§ Source data
+--

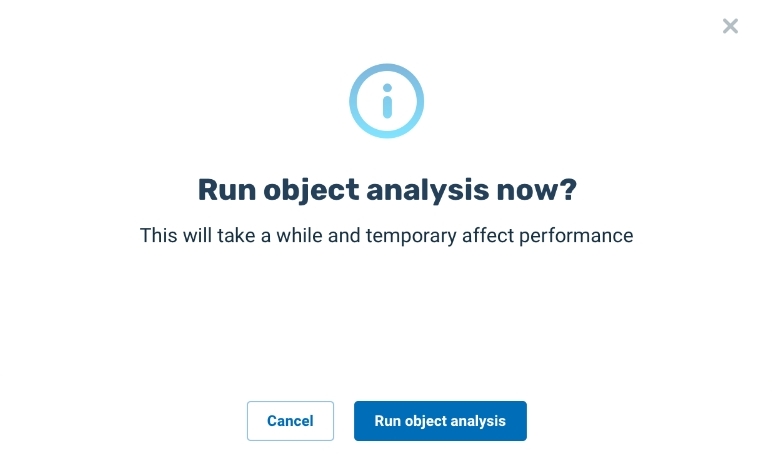 Because the Object analysis process may consume considerable system resources, it is recommended to run the analysis at an off-peak time, when the system is experiencing relatively low usage.
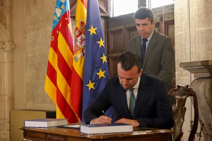 En las últimas semanas, Mompó, de 38 años, ha ganado presencia mediática. El pasado lunes tuvo un desayuno informativo en Valencia donde acudió gran parte de la plana mayor del PP valenciano y también del Consell de Mazón. Mazón, no. Tenía agenda en Alicante, como es habitual los lunes, pero sí estaban presentes sus consejeros más cercanos. En este encuentro con la prensa fue cuestionado por la continuidad del presidente al frente de la Generalitat. “Al final”, dijo, “los valencianos no decidimos cuándo un presidente dimite, sino qué presidente queremos”. E insistió en que Mazón ha ligado su futuro a la reconstrucción. “Él habrá decidido qué hacer en el futuro”.
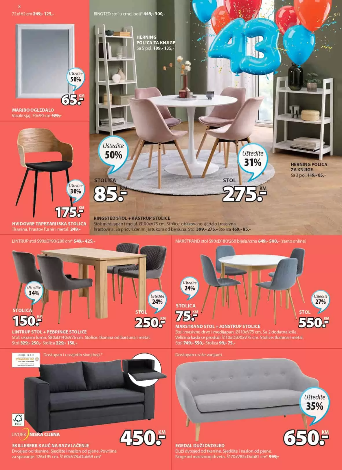 Na sniženju možete pronaći veliki izbor JYSK namještaja vrhunskog kavliteta i modernog dizajna. Oduševit će vas ponuda kućnog tekstila i dekorativnih predmeta.
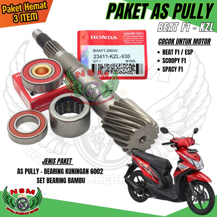 PAKET LENGKAP 5 JENIS KZL AS PULLY BEAT F1 + BEARING CVT 6002+BEARING PULLY + LAHAR 6204 + SEAL AS PULLY BEAT F1 SCOOPY
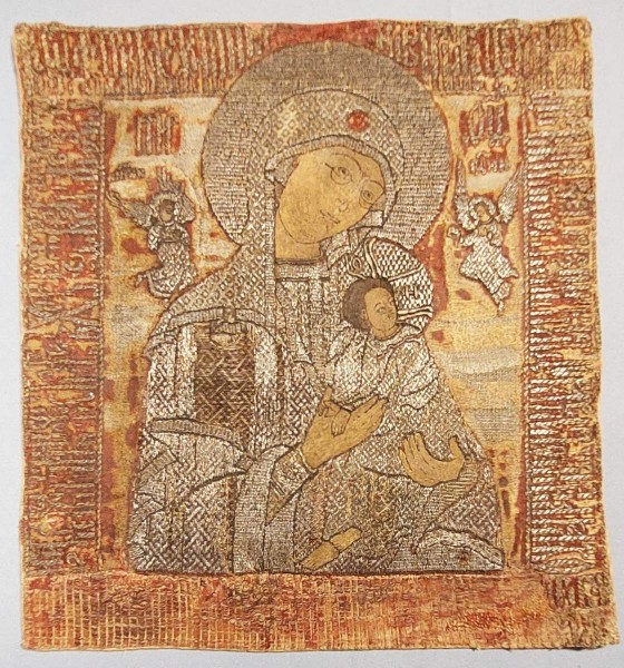 - Камка, шитье серебряными и шелковыми нитями. 25,6 х 26,7

+--

Find "PAKET LENGKAP 5" in the entries, then reproduce that line and each line after it exactly, through the last one. Pictures do not go in.

§ Solution for this problem
 PAKET LENGKAP 5 JENIS KZL AS PULLY BEAT F1 + BEARING CVT 6002+BEARING PULLY + LAHAR 6204 + SEAL AS PULLY BEAT F1 SCOOPY
 - Камка, шитье серебряными и шелковыми нитями. 25,6 х 26,7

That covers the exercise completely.